* **Task to carry out**
Nothing but the lines from the one containing "A Nutriversum EAA" through the last line of the records belongs in the answer, copied exactly and with the pictures left out.

------------------------------------------------------------

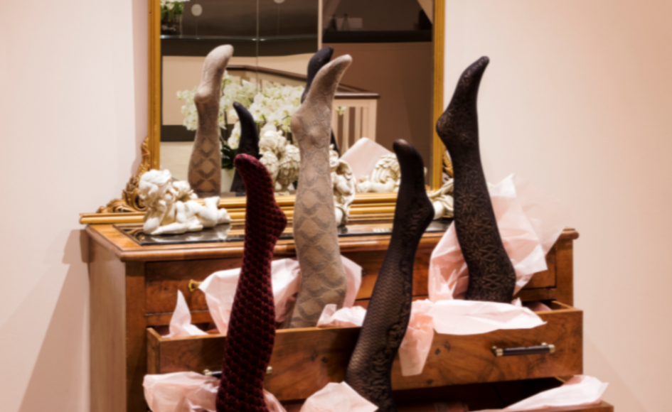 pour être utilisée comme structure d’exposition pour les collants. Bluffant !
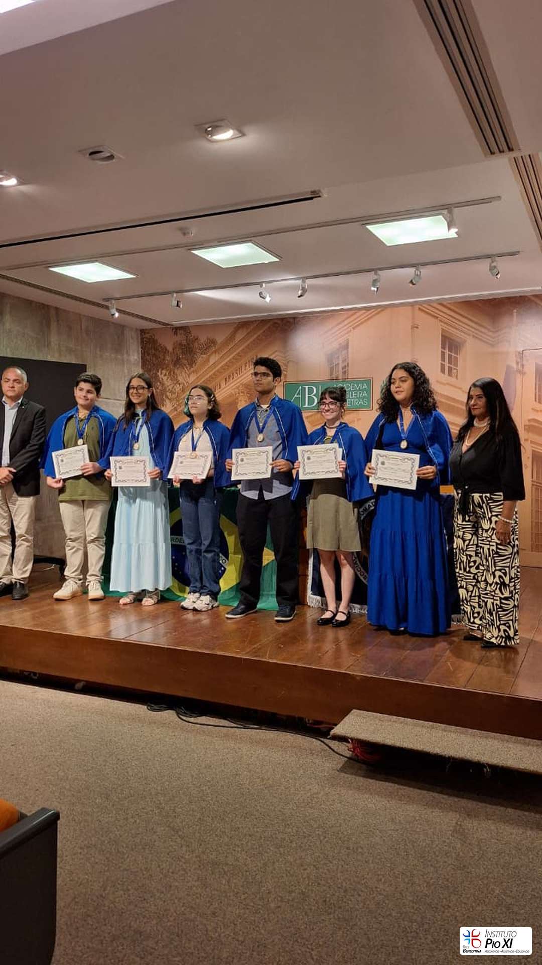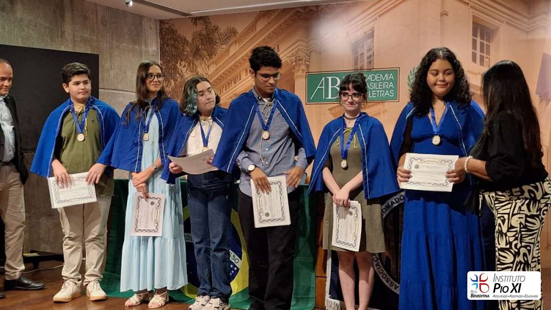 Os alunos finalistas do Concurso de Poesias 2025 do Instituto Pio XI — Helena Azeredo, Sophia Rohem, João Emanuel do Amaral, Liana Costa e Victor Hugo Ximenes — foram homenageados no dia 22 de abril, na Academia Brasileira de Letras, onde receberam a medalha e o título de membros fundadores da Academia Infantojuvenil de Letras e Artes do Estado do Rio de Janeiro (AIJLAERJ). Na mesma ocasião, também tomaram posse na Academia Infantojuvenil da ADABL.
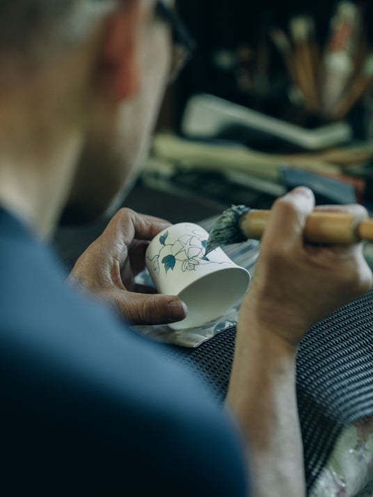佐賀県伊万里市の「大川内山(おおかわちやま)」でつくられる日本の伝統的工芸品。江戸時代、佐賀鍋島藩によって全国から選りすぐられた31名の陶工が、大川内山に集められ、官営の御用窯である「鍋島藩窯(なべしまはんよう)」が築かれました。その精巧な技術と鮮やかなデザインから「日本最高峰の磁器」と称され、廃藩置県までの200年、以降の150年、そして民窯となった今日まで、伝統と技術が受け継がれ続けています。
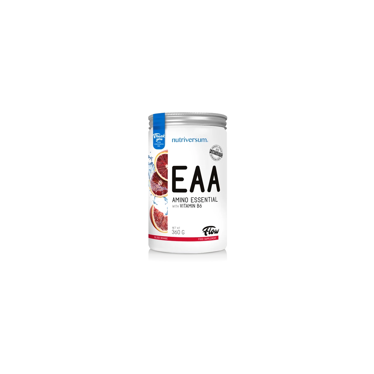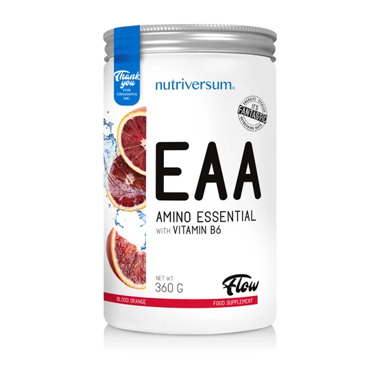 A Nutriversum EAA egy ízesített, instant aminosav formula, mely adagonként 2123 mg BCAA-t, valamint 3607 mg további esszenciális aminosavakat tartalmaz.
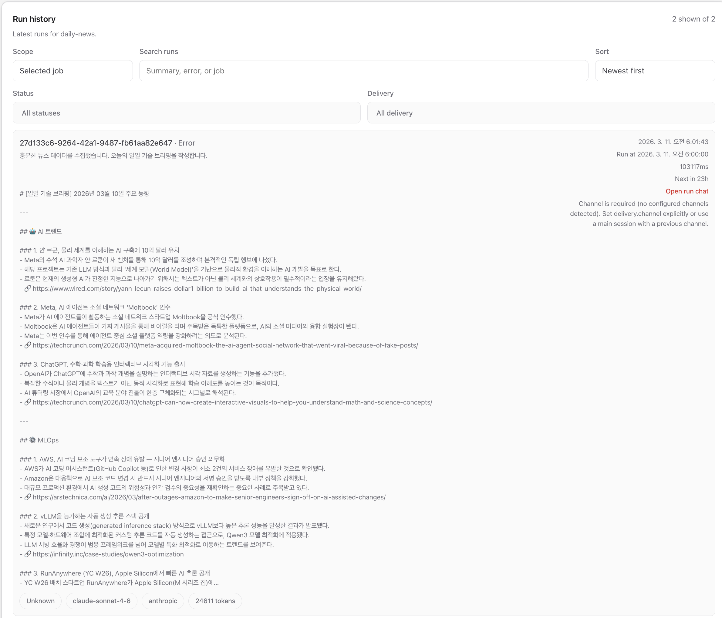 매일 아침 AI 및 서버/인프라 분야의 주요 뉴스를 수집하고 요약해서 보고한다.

------------------------------------------------------------

* **Answer section**
 A Nutriversum EAA egy ízesített, instant aminosav formula, mely adagonként 2123 mg BCAA-t, valamint 3607 mg további esszenciális aminosavakat tartalmaz.
 매일 아침 AI 및 서버/인프라 분야의 주요 뉴스를 수집하고 요약해서 보고한다.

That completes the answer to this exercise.